What if I wanna be lazy? This s after all my b-day month.


----------



## Miss Fortune (May 1, 2008)

it is?? AWW!! Yeah!! *hug* sensei's birthday! the day to celebrate the date of birth! yeah!! *pulls giant box out of closet* ugh! Gez! this guy needs to lose some weight, HAPPY SOON TO BE BRITHDAY!!


----------



## Tsunade_chan (May 1, 2008)

The_Dei_un said:


> What if I wanna be lazy? This s after all my b-day month.



lol, well it's my birthday month too, so I have the power to make you not be lazy  lol, *kiss* and you had better love what I'm planning for you!


----------



## The_Dei_un (May 1, 2008)

O~ I love the sound of that.


----------



## Die Heinii (May 1, 2008)

:3 
Awesome as always Dei ~ <3


----------



## Miss Fortune (May 1, 2008)

eww! imouto chan and sensei are gettin at it again! im going to turn around now.


----------



## Tsunade_chan (May 1, 2008)

claraofthesand said:


> eww! imouto chan and sensei are gettin at it again! im going to turn around now.

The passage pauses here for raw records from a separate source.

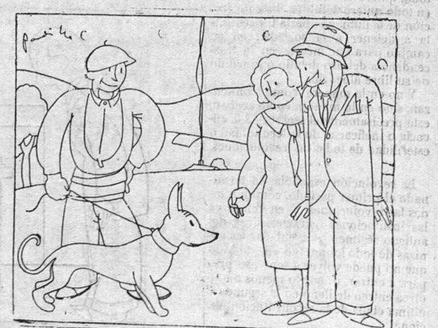
— Y este perro, ¿deja que se acerquen a él? ¡Anda, ya lo creo! Sino ¿cómo iba a poder andar?
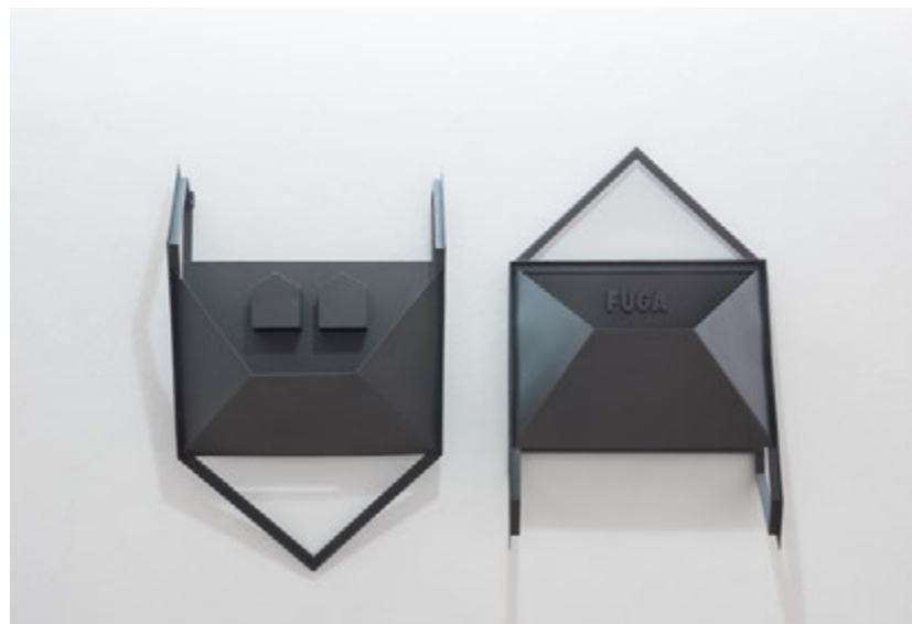
Fuga , 2016 Ferro pintado, madeira, resina 62 x 41 x 14 cm cada peza
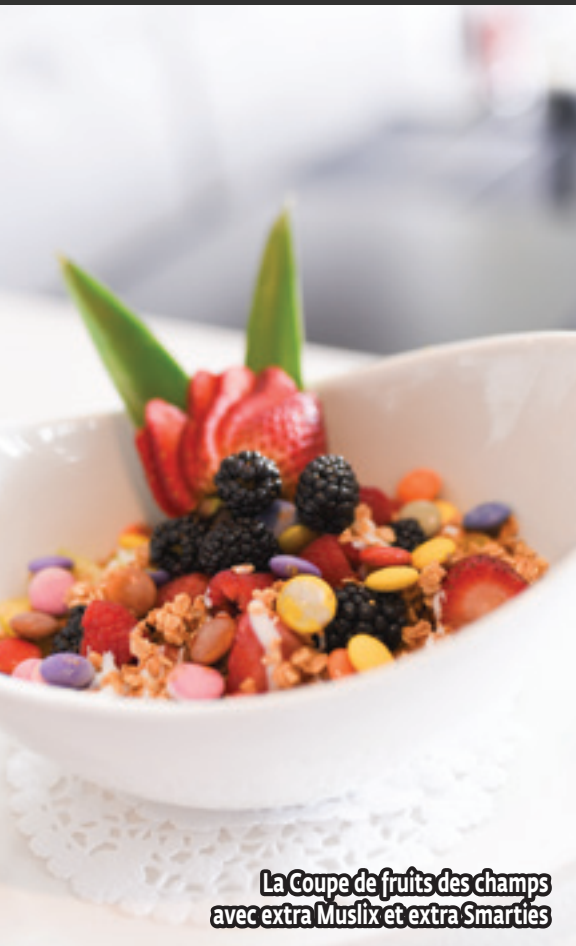
La Coupe de fruits des champs avec extra Muslix et extra Smarties
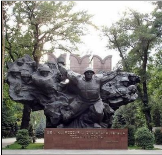
Памятник двадцати восьми панфиловцам в Алмат-Аты

( 16 ноября) особо отличилась 316-я стрелковая дивизия под командованием генерала И.В. Панфилова , отразившая несколько танковых атак противника и остановившая продвижение танков к Москве
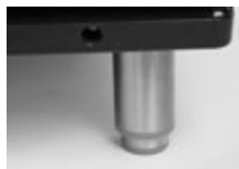
Jambes réglables (de 101-152mm) disponible avec le kit de jambe en option K-00345.

 lol, shut up Clara!!...you know we only do that when nobody is around to see it ...lol


----------



## Miss Fortune (May 1, 2008)

ok.. EVERYONE TURN AROUND!! OUT OF THE ROOM! OUT OUT OUT!!!!


----------



## Tsunade_chan (May 1, 2008)

claraofthesand said:


> ok.. EVERYONE TURN AROUND!! OUT OF THE ROOM! OUT OUT OUT!!!!



lol, yes, everybody out! Leave Deidei and me alone,  lmao *huggles Deidara*


----------



## Miss Fortune (May 1, 2008)

im going too.. *holds trash can, pretends to throw up*


----------



## Tsunade_chan (May 1, 2008)

claraofthesand said:


> im going too.. *holds trash can, pretends to throw up*



lol, *poke* you jerk...


----------



## Miss Fortune (May 1, 2008)

oh! you pushed it! you pushed the button! *drops trash can*


----------



## The_Dei_un (May 2, 2008)

........Please guys I love you a lot really but please don't spam the thread too much. I don't want to get in trouble with the moderators again like on a few other pieces. Please if you wanna talk pm.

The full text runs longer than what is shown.